### Task description
Below are some records. Say how many of their lines include the string "most", giving only the number.

### The input
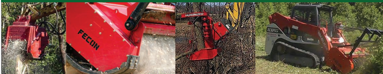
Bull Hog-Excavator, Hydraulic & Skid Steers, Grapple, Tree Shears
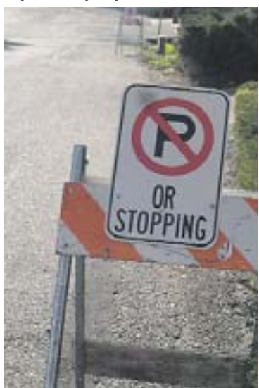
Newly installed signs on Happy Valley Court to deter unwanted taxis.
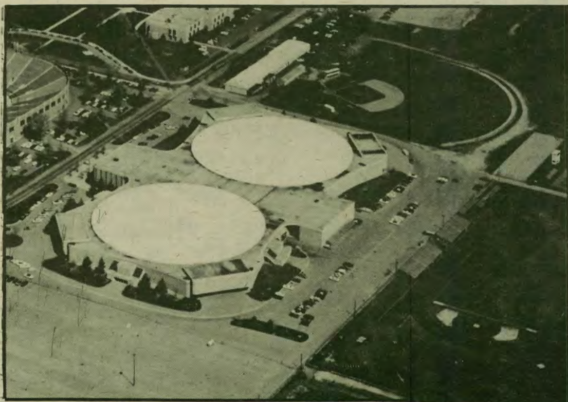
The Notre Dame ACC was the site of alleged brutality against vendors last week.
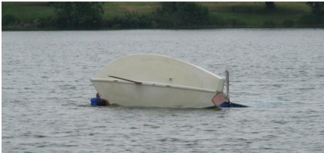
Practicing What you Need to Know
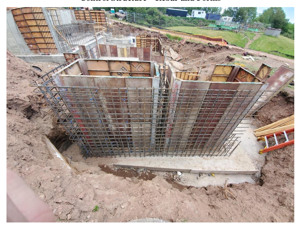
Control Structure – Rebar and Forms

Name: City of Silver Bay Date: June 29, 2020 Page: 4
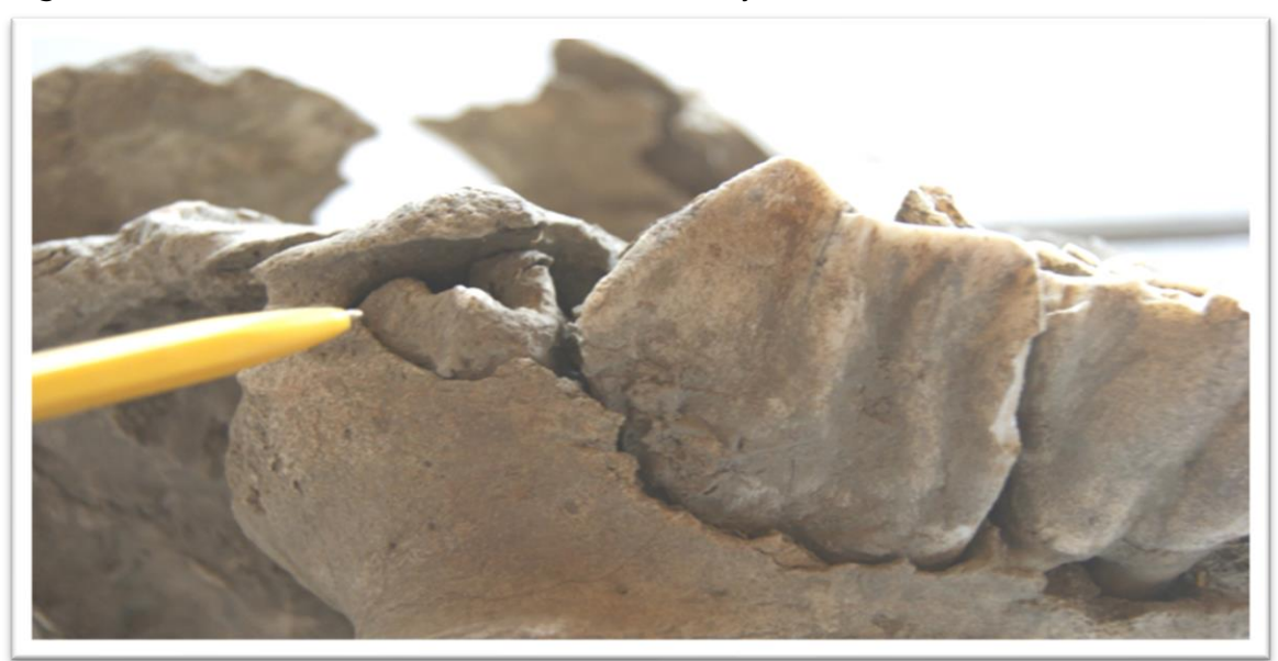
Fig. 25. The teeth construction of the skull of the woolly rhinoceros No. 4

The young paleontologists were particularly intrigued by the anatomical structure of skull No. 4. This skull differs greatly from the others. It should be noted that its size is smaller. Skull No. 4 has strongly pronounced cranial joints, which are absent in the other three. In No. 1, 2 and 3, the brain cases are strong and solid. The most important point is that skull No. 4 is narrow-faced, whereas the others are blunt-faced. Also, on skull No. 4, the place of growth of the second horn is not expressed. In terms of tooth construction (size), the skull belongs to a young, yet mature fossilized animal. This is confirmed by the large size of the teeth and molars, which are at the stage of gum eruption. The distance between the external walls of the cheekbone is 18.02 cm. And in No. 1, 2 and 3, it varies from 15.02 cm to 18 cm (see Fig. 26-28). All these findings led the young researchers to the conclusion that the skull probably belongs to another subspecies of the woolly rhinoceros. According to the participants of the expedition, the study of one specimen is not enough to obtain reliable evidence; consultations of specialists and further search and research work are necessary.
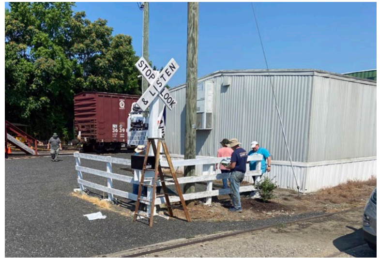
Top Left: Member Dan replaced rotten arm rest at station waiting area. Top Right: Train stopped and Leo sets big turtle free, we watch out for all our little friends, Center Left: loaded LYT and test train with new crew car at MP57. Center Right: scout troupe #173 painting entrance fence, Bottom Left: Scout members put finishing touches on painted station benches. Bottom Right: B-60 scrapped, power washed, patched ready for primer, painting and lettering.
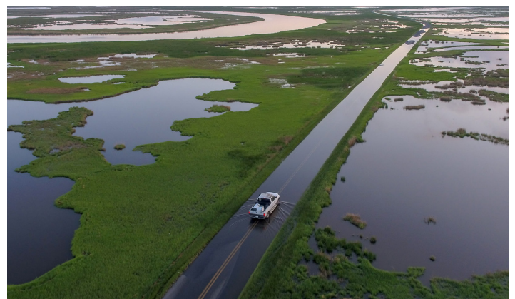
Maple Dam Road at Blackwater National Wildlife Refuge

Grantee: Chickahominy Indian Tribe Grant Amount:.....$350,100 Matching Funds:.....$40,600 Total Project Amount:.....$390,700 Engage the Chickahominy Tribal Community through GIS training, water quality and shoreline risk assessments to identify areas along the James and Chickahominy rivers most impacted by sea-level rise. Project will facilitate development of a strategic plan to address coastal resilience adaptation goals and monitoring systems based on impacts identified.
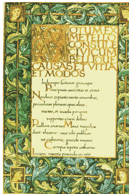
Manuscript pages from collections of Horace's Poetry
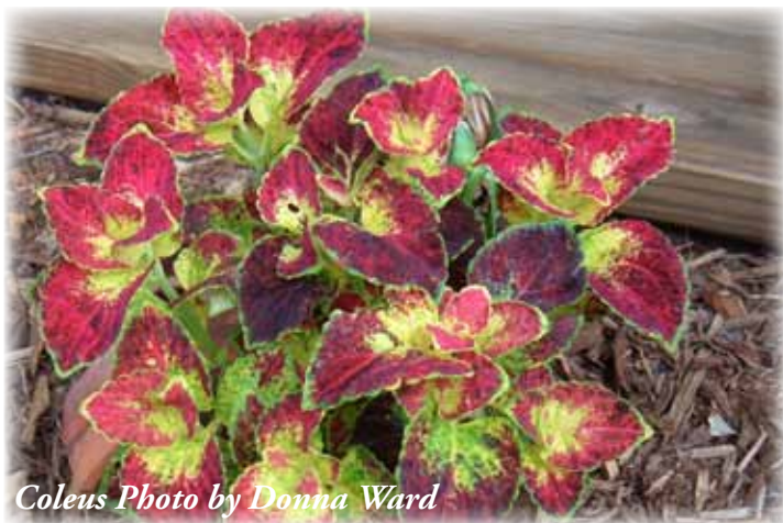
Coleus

### Output below
2